- Education: Indiana University Bloomington (BA) The New School for Social Research (MFA)
- Occupation: Playwright
- Writing career
- Notable awards: Alpert Award in the Arts (2019)

= Lloyd Suh =

American playwright

Lloyd Suh is an American playwright and the recipient of the 2019 Herb Alpert Award in the Arts in theatre.

==Life==
Suh is a second-generation Korean-American. He was born around 1975 and is originally from Indianapolis, Indiana. He graduated from Indiana University Bloomington.

==Career==
His plays have been performed in the United States with Ma-Yi, the Play Company, Ensemble Studio Theatre, La Mama ETC, Magic Theatre and the Denver Center Theatre Company. They have been performed internationally at the Cultural Center of the Philippines in Manila and with the PCPA in Seoul, Korea.

Starting in 2015, he has been a member of the Dramatists Guild Council. He joined The Lark as the Director of Artistic Programs in 2011. From 2005 to 2010 he was the Artistic Director of Second Generation and Co-Director of the Ma-Yi Writers Lab.

Suh was on the National Steering Committee for the creation of the first National Asian American Theatre Conference and the first National Asian American Theatre Festival.

He is an alum of EST's Youngblood and the Soho Rep Writer Director Lab.
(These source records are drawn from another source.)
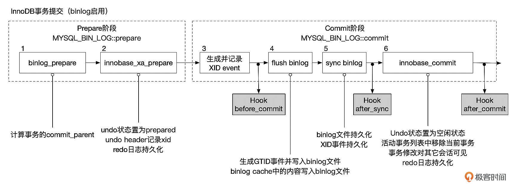 如上图所示,MySQL事务的提交分为Prepare和Commit两个阶段。在Prepare阶段,依次进行Binlog Prepare和InnoDB Prepare,只有当Binlog和InnoDB都Prepare成功后,事务才能进行后续的提交步骤。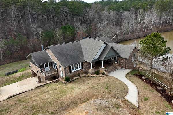 Welcome to 556 Martin Lane, an exceptional 5-bedroom, 3-bath waterfront estate set on over 13 acres with 300+ feet of shoreline. A gracious front patio and beautiful wrought-iron doors open to an expansive, light-filled living space featuring exposed ceiling beams, a striking floor-to-ceiling stone fireplace, & abundant natural light. The chef's kitchen blends elegance & function with a large island and breakfast bar, gas cooktop, stainless steel appliances, & refined tile backsplash, while the adjacent dining area is ideal for entertaining. The primary suite offers a private retreat with access to its own covered porch & a spa-inspired bath complete with a soaking tub, walk-in shower, dual vanities, & a custom walk-in closet. Outdoor living shines with an expansive back porch & separate covered patio overlooking breathtaking water views. Additional features include a 2-car garage, barn with ample storage, & endless outdoor possibilities. Schedule your private showing today!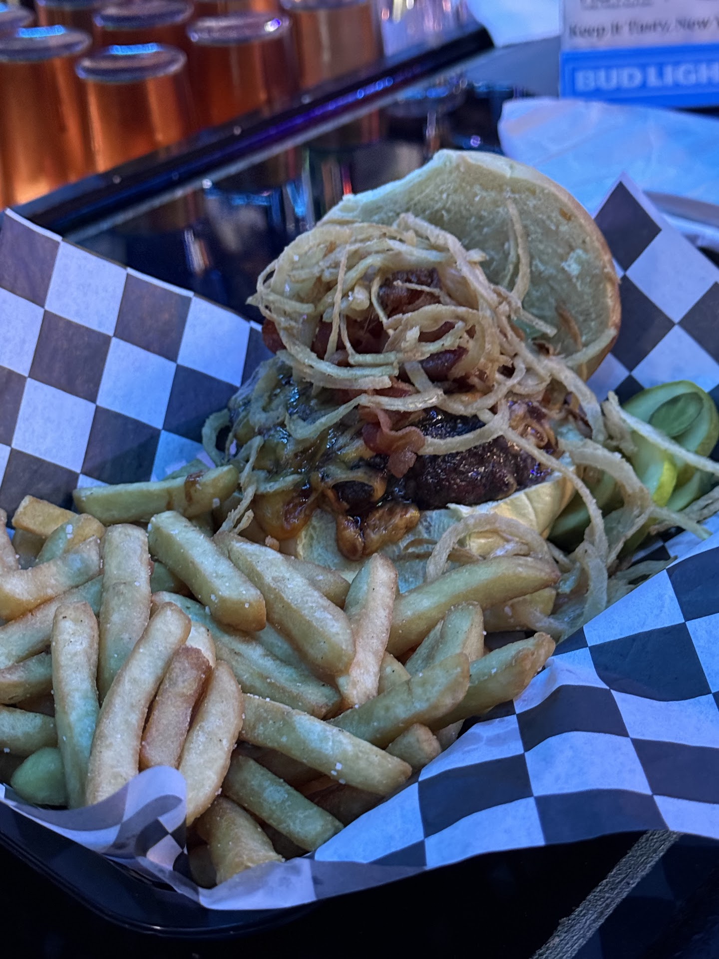 The food itself was fine, nothing special, just typical bar food. Exactly what youâd expect, nothing more, nothing less. But the biggest issue here wasnât the food, it was the service. I donât want to put all the blame on the server, she was clearly trying but it was obvious she was juggling way too much. It looked like she was acting as the bartender, server, hostess, and overall manager of the floor all at once, which is simply too much responsibility for one person. The end result is that tables like ours got neglected, and the basics (water, utensils, timely service) were overlooked.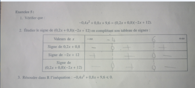 Enfin pour la question 3 j'ai mis : ] - infini ; - 4 ] U [ 6 ; + infini [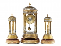 Composto da un orologio e due elementi decorativi a padiglione, in metallo dorato e smalti champlevé a motivi floreali policromi, i due padiglioni centrati da sfingi in metallo dorato. Il quadrante in metallo dorato con numerazione araba entro indici circolari e

He received his BA from Indiana University Bloomington in 1998 and his Master of Fine Arts from the New School for Social Research.

==Works==
His plays include: The Chinese Lady, The Far Country, Charles Francis Chan Jr's Exotic Oriental Murder Mystery, Franklinland, The Wong Kids in the Secret of the Space Chupacabra Go!, American Hwangap, Jesus in India, Great Wall Story and The Heart Sellers.

==Awards==
In 2016, Suh received the Helen Merrill Award and in 2019 he was the recipient of the Herb Alpert Award in the Arts. He was named one of the "50 to Watch" by the Dramatists Guild. In 2020 he was awarded a John Simon Guggenheim Memorial Foundation Fellow Award.

His play The Chinese Lady was nominated for the 2022 Drama Desk Award for Outstanding Play. Suh was a finalist for the 2023 Pulitzer Prize for Drama for his play The Far Country.